В кабине лифта я нажал кнопку с цифрой 12А, скоростной лифт мягко вздохнул, дрогнул; и почти сразу же вспыхнула цифра 13. Двери распахнулись, и я двинулся по сияющему полу коридора нашего этажа. По мере моего продвижения по коридору сбоку в стенах начинали мигать красные лампочки датчиков движения, на потолке в двух метрах впереди вспыхивали лампы, в двух метрах позади лампы гасли. Спереди и сзади на меня внимательно смотрели объективы телекамер. На стенах тускло светились указатели этажа: 12А. С цифрой 13 упорно боролись уже несколько месяцев, она сдавала позиции медленно и неохотно; и сохранилась, кажется, только в металлических антивандальных кабинах шести лифтов, перемещавших сотрудников по тридцати этажам здания компании. С непривычки наличие двух двенадцатых этажей - а интерьер всех этажей абсолютно идентичен - сбивало с толку. Как-то раз я, задумавшись, вышел на просто двенадцатом этаже, на автопилоте ввалился в кабинет директора департамента и долго удивлённо смотрел на незнакомого мужика за столом своего начальника. Впрочем, точное число этажей здания, как в НИИЧАВО, рядовым сотрудникам было неизвестно. Кроме тридцати пронумерованных кнопок, в кабинах лифтов были ещё какие-то безымянные, но они срабатывали только от ключей охраны и неразговорчивого обслуживающего здание персонала. Однажды с разгону я ткнул пальцем куда-то не туда и, выйдя из лифта, ошалело уставился на табличку с надписью «этаж 1;». Вероятно, кто-то из персонала забыл блокировать дополнительные кнопки. Перспектива очутиться в каком-нибудь Хогварде мне пришлась не по душе, и я поспешно юркнул обратно в кабину. Больше эта табличка мне не попадалась; при передвижении по лестницам обнаружить её не удавалось.

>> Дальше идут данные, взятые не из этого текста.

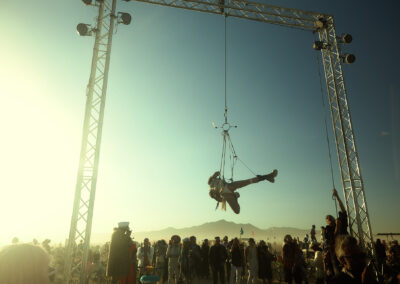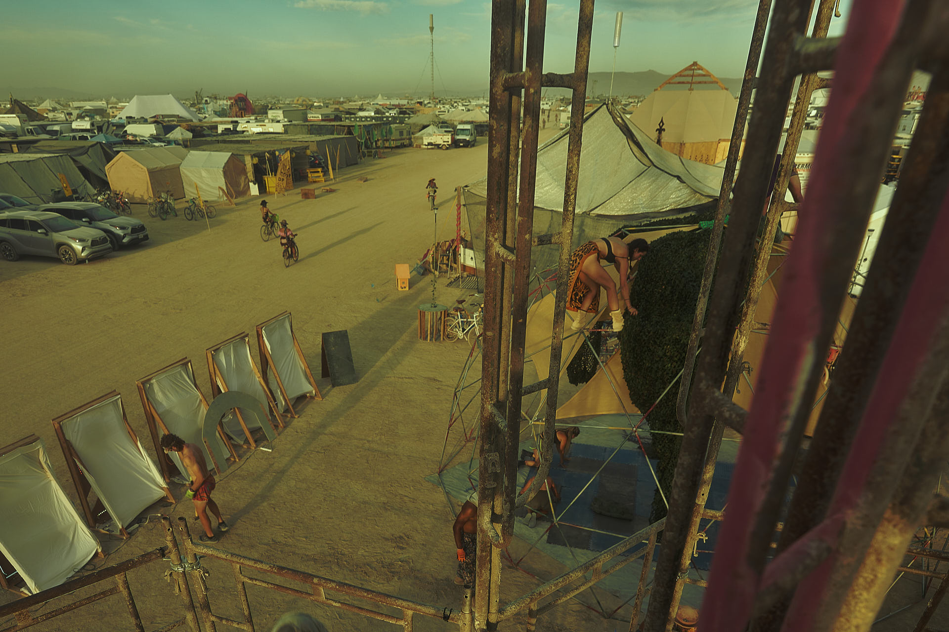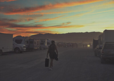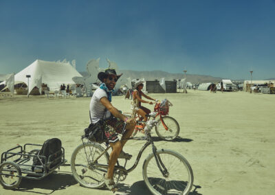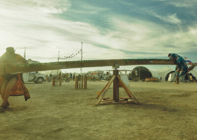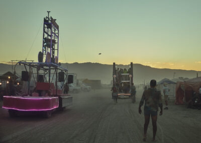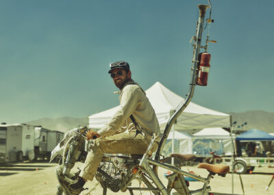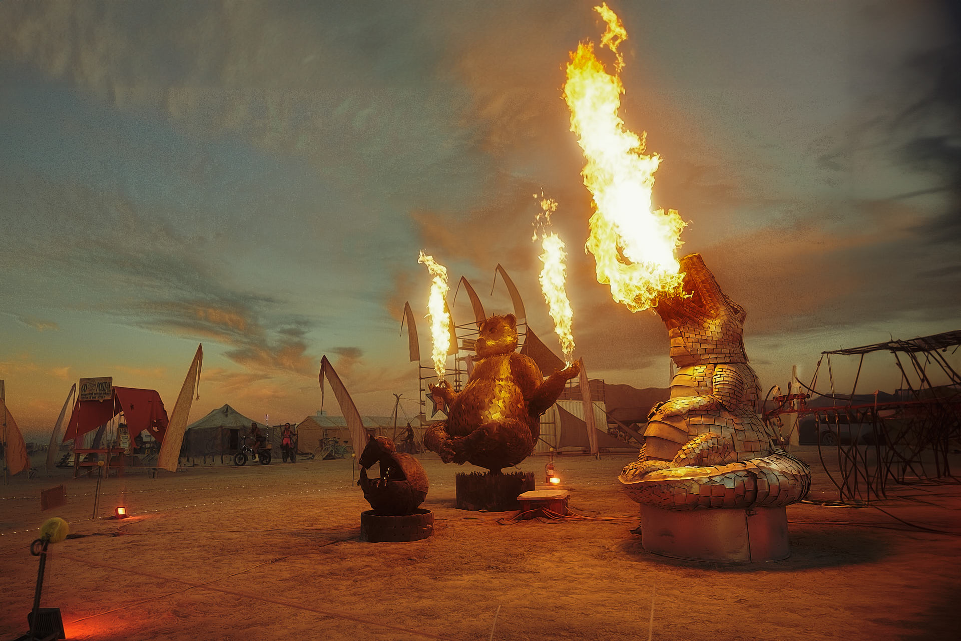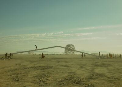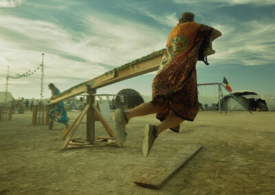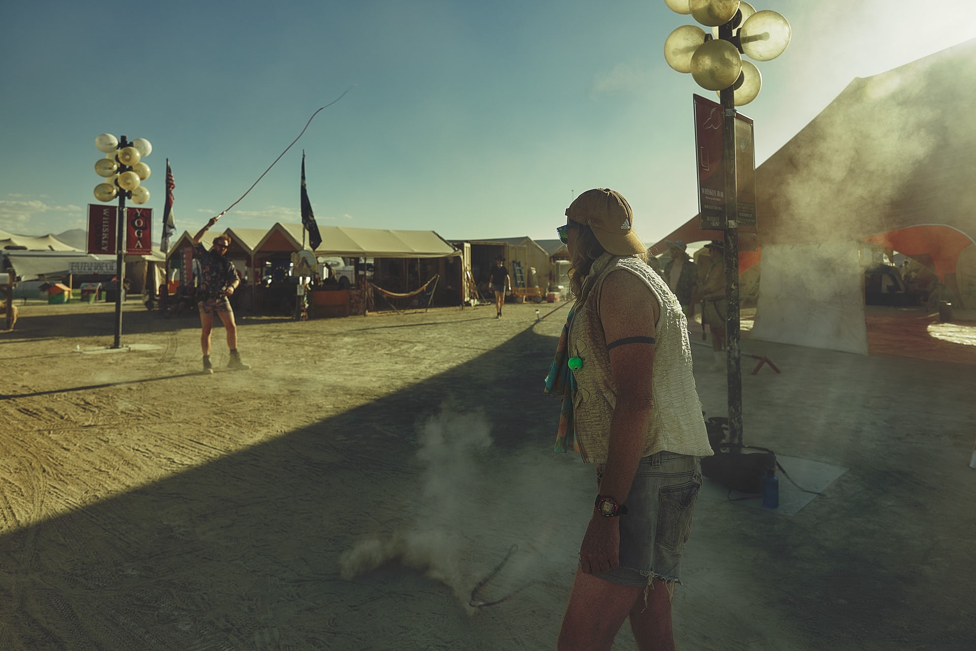 In this euphoric dusty city, there are citizens of Blackrock City who are aged kids in their playground realm. A tall, burning man centers the dusty town and holds the key to your rusty map.
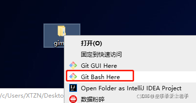 **2、安装成功后,桌面上右击,然后选择Git Bash **
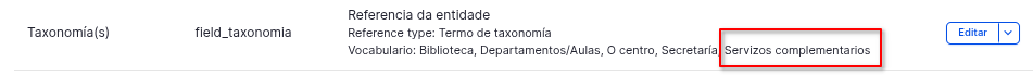 Por esta razón, ao intentar agregar/editar un contido de calquera tipo (páxina básica, artigo, destaque ou evento), inicialmente no formulario de creación/edición non se amosará o vocabulario Servizos complementarios no despregable Taxonomía.

Ещё на стенах коридора висели табло с надписью «газ - уходи», которые должны включаться в случае пожарной тревоги. При пожаре внутренность здания должна заполняться инертным газом, вытесняющим кислород и тем самым останавливающим горение, а также в качестве побочного эффекта - и жизнедеятельность персонала, не успевшего покинуть здание. На моей памяти пожарный аларм включался трижды для тренировки и один раз в результате сбоя системы. Лифты в этом случае блокировались автоматически, а пешая эвакуация сотрудников с тридцати этажей занимала немало времени. После спонтанного пуска газа проверявшая помещения комиссия очень удивилась, обнаружив на этажах живых людей. Недостаточная эффективность системы пожаротушения вызвала у руководства вопросы; в результате воспоследовали грозные приказы и оргмеры.
После засаленных поручней метро захотелось вымыть руки, и я свернул к туалету. Прямо в дверь туалета пялилась телекамера. Несомненно, впрочем, что замаскированные телекамеры были и внутри кабинок, хотя это не афишировалось. Я поспешно согнал с лица утреннюю сонливость и заискивающе-бодро улыбнулся в объектив: в компании не приветствовалось недостаточно жизнерадостное выражение лица; в ходу был бессмертный завет Петра Великого: «младшие чины в разговоре с начальствующим должны вид иметь лихой и придурковатый, дабы разумением своим его в смущение не вводить». В темноте туалетной комнаты замигал датчик движения, через секунду вспыхнул свет. Ещё через полминуты щёлкнул и тихо загудел анализатор дыма: здание проверяло - не закурил ли я в туалете. Надолго задерживаться здесь не следовало: здание спустя некоторое время вырубало свет и посылало сигнал на мониторы охраны - дабы сотрудники тайком не спали в туалетах.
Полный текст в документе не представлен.